It was near Rio Blanco, Nicaragua, that I lay awake all one night in a hammock in a small wooden hut, listening to the sound of gunfire rumbling through the mountains like thunder. This is my most vivid memory of that time. It was 1987, the height of the contra war, and the country was in turmoil. I was visiting Nicaragua with Witness for Peace, along with 20 other people from Wisconsin and Minnesota.
Last fall, I returned to Nicaragua as part of a delegation of 10 with the Volunteer Missionary Movement (VMM). Based in the Milwaukee area, VMM is a national, ecumenical organization with roots in the Catholic social justice tradition that recruits, trains and sends lay missioners to accompany the poor in Central America.
I was curious to see how people’s lives had changed during this 27-year interim, whether for better or worse. But I returned a week later with more questions than answers.
During the war in the 1980s, it was all about survival. Faith, courage and solidarity seemed to be what sustained the people. Today, the challenge involves moving beyond survival, but what are the next steps, and what will sustain the people?
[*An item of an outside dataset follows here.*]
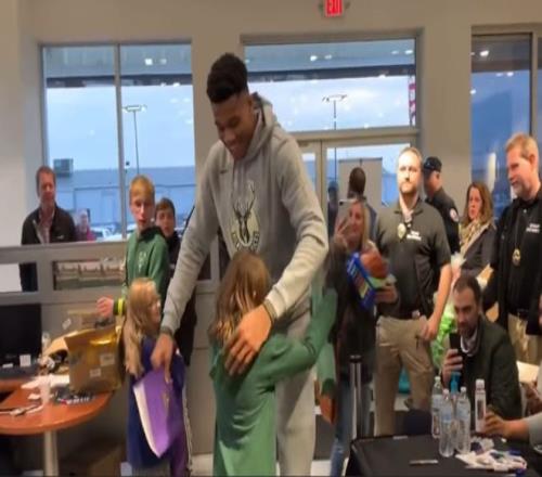 看到小女孩激動(dòng)落淚后,字母哥也是趕緊去安撫女孩的心情,還與小女孩一起合影留念。
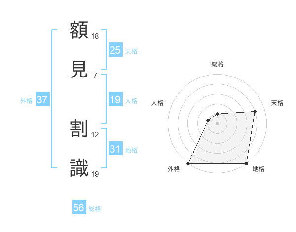 額見 割識さんの外格は37画の5点!

Early in our visit, we drove into the mountains, 65 miles north of Managua, to the town of San Nicolás. We visited the secondary school where two VMM volunteers, David and Sarah, teach English and assist with other community projects. There are no books, computers or a school library, but the students appear bright, attentive, sociable and spirited. Six of the girls show off their English by performing an American pop song with a dance they have arranged.
School even on Saturdays
Idalia Lopez, the school’s director, greeted us in her cluttered office, which appears to serve many purposes. She is a modest but determined woman who started as a primary teacher and later earned a Master’s in Education by attending classes on Saturdays. Lopez was raised on a farm in San Nicolás and her father was killed by Anastasio Somoza’s National Guard. Five uncles were also killed during the dictatorship and two more in the contra war.
Because of her degree and commitment, there is a high school, and because of the high school, youth from 30 rural communities surrounding San Nicolás can travel by horseback to attend school here on Saturdays.
Most children in Nicaragua don’t advance beyond sixth grade, but fourth grade is the norm in the rural areas. In fact, Nicaragua’s high school enrollment rate is among the lowest in the world. But things were much worse before 1979.
“There was no elementary school in San Nicolás back then, just one teacher giving classes in a house,” José “Chepe” Barnett informed me. He is a member of the Little Brothers of Jesus who coordinates VMM’s volunteers and assists with various community development projects.
He came here from the United States just after the Sandinista revolution in 1979, answering the call of a Nicaraguan bishop for volunteers to accompany the people for three months. Br. José has stayed for 35 years.
“Interesting, the way of the Lord,” he said.
Literacy campaign unites country
Br. José was among the 60,000 – high school and university students and teachers – who joined the national literacy campaign of 1980, traveling to the mountains to teach the campesinos to read and write.
“The literacy campaign was, without any doubt, the best experience in my life,” Br. José said. “It was just amazing; the whole country was united. It created a solidarity that even today hasn’t died out.”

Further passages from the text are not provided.